Dia tidak keberatan Chu Feng berbagi batu emas itu dengan Little Fishy karena dia juga menyayanginya, tetapi dia tidak suka Chu Feng berbagi batu emas itu dengan orang lain juga. Namun dia tetap diam karena dia tahu bahwa dia tidak akan bisa membujuk Chu Feng untuk tidak melakukannya.
Situasi ini menguntungkannya.
“Kakak pasti tahu kau akan mencoba membagi batu emas itu, jadi dia memasang formasi itu di sana terlebih dahulu untuk menghentikanmu.” Little Fishy tertawa terbahak-bahak.

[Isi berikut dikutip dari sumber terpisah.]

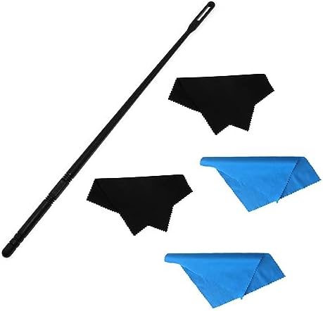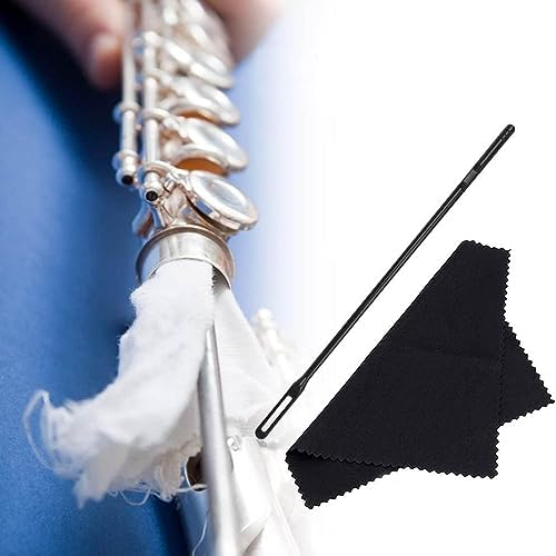 Flute Cleaner Care Cleaning Kit, Flute Cleaning Saxophone Rod Cleaning Swabs with 4 Microfiber Cleaning Cloth Swabs, Flute Cleaner Kit Flute Polishing Cloths, Black+Blue
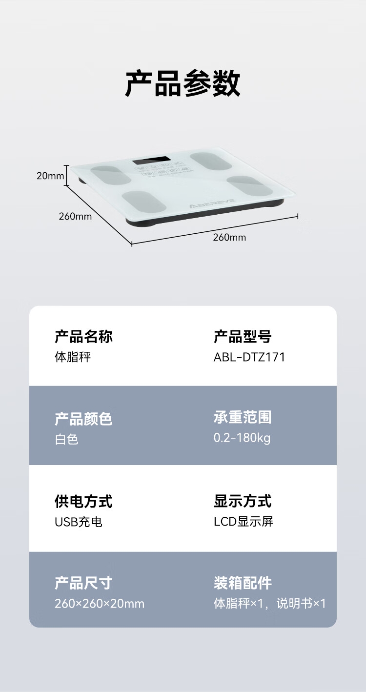 艾贝丽 家用体脂秤电子称ABL-DTZ171

Dia merasa geli dengan pandangan jauh Long Zhuoyan.
“Aku tidak menyangka kakak akan melakukan ini.” Chu Feng tampak canggung.
Sekarang, rasanya seperti dia memamerkan batu emas itu kepada mereka.
“Jangan khawatir, saudaraku. Tetua itu menghadiahkan batu emas itu kepadamu. Bahkan jika bukan karena itu, kita tetap harus menaklukkan ujian ini dengan kekuatan kita,” Xianhai Shaoyu tersenyum.
“Bukankah tadi kau bilang ada sumber daya yang lebih baik di gunung baja? Ayo kita ambil,” kata Chu Feng.
Maka, kelompok itu mulai mendaki gunung baja. Chu Feng pertama-tama menyamarkan penampilannya sebelum melepaskan penyamarannya.
Begitu mereka melangkah keluar dari istana, mereka melihat sesosok terbang ke arah mereka.
Wajah Chu Feng dan yang lainnya berseri-seri. Sosok itu telah menyamar, tetapi mereka masih bisa mengenalinya sekilas.
Sebelum Chu Feng sempat mengucapkan sepatah kata pun, sebuah transmisi suara terdengar di telinganya, “Saudara, k-kau di sini! Itu s-bagus sekali! Aku khawatir kau tidak bisa datang tepat waktu.”
Saat dia menyelesaikan kalimatnya, dia sudah mendarat di kapal perang.
“Wang Qiang, apakah kau baik-baik saja?” Xianhai Shaoyu dan yang lainnya sangat gembira melihat Wang Qiang, terutama karena dia tampak tidak terluka.
“Apa s-apa yang mungkin terjadi padaku? Itu bukan masalah besar bagiku,” jawab Wang Qiang sambil menyeringai.
Namun Chu Feng meraih pergelangan tangannya dan menyalurkan gelombang kekuatan spiritual ke dalam tubuhnya. Beberapa detik kemudian, dia mengerutkan kening. “Bagaimana ini bisa dianggap baik-baik saja?”